Task description:
The answer is a single figure: how many lines below contain the word "rich".

Data provided:
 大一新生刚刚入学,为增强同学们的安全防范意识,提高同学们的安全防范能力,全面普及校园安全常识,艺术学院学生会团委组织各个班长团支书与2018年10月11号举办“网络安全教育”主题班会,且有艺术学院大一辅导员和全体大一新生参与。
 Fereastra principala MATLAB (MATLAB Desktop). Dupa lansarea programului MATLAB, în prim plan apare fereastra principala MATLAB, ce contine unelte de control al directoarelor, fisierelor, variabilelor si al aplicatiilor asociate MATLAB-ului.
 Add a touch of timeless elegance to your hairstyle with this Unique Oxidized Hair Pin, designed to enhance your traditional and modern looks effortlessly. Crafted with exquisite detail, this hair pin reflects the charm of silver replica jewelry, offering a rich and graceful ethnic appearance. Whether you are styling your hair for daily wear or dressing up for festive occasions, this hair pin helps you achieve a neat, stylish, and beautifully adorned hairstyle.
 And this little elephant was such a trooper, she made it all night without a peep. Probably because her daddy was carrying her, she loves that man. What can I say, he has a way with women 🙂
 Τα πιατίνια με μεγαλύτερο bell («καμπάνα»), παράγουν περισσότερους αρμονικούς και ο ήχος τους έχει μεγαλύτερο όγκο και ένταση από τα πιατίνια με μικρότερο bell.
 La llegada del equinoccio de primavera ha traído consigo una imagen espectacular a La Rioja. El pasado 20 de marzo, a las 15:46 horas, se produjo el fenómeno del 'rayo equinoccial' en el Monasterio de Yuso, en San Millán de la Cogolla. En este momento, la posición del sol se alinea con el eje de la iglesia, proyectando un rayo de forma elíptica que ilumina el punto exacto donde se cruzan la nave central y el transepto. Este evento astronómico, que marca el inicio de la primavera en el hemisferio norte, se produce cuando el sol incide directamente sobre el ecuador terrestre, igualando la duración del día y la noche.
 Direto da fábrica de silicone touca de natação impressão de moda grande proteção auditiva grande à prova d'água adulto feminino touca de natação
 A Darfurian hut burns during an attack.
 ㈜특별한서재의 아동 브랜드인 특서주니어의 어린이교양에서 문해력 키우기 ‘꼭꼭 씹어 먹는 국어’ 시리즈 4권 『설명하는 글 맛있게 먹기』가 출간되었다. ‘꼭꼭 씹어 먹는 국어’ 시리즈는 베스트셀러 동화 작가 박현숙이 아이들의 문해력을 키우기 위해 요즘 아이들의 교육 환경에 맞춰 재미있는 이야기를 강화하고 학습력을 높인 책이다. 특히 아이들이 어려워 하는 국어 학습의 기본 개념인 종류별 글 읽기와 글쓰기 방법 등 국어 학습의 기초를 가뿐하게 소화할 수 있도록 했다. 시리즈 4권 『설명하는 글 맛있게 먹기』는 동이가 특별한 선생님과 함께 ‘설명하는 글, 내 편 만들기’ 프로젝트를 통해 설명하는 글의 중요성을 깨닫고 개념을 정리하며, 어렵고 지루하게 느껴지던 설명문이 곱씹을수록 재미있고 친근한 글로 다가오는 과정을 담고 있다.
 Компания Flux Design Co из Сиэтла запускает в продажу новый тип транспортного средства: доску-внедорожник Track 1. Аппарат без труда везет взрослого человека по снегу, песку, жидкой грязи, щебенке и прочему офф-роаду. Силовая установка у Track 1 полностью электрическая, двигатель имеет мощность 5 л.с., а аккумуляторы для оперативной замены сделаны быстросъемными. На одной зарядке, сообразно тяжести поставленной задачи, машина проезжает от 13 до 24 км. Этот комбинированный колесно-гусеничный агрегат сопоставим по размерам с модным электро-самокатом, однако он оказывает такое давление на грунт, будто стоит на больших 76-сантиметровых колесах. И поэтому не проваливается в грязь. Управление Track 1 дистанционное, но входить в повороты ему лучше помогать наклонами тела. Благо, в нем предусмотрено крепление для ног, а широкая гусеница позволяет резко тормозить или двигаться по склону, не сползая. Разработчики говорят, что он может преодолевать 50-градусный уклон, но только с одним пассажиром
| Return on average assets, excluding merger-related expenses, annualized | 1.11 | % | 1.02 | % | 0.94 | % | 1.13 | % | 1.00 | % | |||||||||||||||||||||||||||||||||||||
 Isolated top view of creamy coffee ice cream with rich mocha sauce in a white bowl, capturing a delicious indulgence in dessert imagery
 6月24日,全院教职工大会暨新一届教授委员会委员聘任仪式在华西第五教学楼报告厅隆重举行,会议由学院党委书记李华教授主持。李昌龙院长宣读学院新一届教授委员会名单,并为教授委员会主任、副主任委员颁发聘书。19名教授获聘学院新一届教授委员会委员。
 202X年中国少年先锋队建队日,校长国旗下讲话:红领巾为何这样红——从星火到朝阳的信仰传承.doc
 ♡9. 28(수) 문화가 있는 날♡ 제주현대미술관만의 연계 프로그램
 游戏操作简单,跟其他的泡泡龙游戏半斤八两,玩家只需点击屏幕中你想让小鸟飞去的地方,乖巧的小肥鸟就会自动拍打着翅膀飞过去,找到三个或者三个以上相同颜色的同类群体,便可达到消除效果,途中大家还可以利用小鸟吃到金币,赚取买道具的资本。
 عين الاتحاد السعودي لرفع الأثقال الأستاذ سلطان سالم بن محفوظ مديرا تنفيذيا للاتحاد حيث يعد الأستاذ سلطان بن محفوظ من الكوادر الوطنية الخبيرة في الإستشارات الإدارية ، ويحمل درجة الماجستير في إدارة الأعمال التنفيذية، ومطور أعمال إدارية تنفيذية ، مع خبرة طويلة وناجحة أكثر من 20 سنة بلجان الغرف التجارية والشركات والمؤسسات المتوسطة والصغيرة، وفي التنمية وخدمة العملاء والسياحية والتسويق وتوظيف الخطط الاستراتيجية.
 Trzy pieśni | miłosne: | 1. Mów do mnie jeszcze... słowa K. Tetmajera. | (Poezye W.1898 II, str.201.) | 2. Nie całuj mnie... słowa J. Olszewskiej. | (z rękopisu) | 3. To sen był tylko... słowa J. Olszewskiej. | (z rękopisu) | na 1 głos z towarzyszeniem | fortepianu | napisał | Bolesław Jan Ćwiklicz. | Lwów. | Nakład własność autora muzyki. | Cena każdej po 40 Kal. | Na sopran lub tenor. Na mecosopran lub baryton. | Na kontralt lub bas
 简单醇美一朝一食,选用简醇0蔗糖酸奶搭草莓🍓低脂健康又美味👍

Result below:
2